The first thing to know about golden berries is that they have more names than a 1970’s-1980’s European zombie movie. Here’s some of their alternate names: Aztec berry, Inca berry, Cape gooseberry, African ground cherry, Peruvian ground cherry, Peruvian cherry, giant ground cherry, and my favorite—amour en cage (French for “love in a cage,” which presumably is also a cliché S&M movie title). Or, evidently in the
U.K. folks stay
stiffly clinical, and refer to it as physalis, after its scientific name
Physalis peruviana. As some of their
names indicate, golden berries originate from South
America. But they’ve been
introduced worldwide over the past several hundred years. Now they’re grown in the U.K., South Africa,
Australia, New Zealand, India,
China, Thailand, and Turkey, among others.

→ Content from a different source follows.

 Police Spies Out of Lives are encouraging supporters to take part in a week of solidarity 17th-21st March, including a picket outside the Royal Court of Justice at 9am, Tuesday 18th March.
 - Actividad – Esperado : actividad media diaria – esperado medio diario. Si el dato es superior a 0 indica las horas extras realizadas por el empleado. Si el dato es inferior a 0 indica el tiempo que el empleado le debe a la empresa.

The French “love in a cage” moniker comes from the fruit’s structure. Each berry is enclosed within a papery, wrapperlike hood called a calyx. The fruit itself is usually yellow or orange, and they are typically the size of a large marble. The “cherry” part of many of the names is a misnomer, as they’re not related. Actually they are close cousins of the tomatillo. Traditionally they’re eaten in fruit salads, or as dessert garnishes. Golden berries are also dried and made into their version of raisins. Perhaps in
Paris that form is known as, “the love in a
cage whom you’ve forgotten to feed or water for weeks on end.”

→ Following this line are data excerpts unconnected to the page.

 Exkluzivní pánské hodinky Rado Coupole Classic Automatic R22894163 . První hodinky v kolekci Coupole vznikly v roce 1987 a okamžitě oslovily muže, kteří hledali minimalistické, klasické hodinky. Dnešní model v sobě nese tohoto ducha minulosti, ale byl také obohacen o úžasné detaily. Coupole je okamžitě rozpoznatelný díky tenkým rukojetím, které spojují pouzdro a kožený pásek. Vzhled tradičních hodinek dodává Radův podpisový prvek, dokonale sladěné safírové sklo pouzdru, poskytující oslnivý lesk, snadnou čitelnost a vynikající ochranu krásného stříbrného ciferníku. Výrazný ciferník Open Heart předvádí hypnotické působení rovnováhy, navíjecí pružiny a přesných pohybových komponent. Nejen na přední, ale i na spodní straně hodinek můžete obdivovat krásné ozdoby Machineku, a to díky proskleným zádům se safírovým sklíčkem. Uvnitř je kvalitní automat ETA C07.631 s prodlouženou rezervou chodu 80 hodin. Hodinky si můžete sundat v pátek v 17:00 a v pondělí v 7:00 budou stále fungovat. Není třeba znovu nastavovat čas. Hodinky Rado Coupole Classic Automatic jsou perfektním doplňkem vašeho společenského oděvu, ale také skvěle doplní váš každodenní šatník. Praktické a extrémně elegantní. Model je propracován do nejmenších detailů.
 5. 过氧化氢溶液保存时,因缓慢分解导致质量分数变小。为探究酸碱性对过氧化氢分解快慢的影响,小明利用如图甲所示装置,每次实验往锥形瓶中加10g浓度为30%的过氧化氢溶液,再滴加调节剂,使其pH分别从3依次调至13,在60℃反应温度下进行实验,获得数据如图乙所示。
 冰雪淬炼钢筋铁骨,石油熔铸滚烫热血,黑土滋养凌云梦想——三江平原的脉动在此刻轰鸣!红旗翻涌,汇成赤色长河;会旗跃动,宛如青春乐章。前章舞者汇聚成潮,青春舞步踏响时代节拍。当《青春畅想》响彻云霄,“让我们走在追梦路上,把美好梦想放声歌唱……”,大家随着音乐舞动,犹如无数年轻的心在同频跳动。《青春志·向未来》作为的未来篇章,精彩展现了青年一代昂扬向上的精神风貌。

I found mine in the Stop & Shop in central
same place I located the Indian snacks from last week’s post. They were, as advertised, very sweet and
tart, with an unusual, distinctive taste for a berry. I enjoyed them, and would have them again. However, with one caveat. I don’t know if this was Stop & Shop’s
fault or what, but at least 60-70% of the individual fruits were inedible—most
were dried out, blackened husks, and some were literally sporting
penicillin-like colonies. I think the
calyx might be the cause for this, as you couldn’t see the individual berries
through their covering. Maybe the
calyxes help keep them fresh, but in this case the batch I had was clearly way
too old. But, as I said, assuming that
they’re ripe the berries themselves are very tasty.
Nutritionally golden berries are a good choice, too. They have less sugar than many similar sized berries, and have a decent amount of Vitamin A, Vitamin C, niacin, thiamine, beta carotene, and antioxidants. The alternative medicine crowd is big on them as well. They claim the berries are effective against jaundice, help regulate blood sugar and keep your kidneys and liver healthy. But, as always, these claims haven’t been scientifically proven to date. Finally, they’re also touted as being superfoods—see May 1, 2014 post for more discussion on that issue.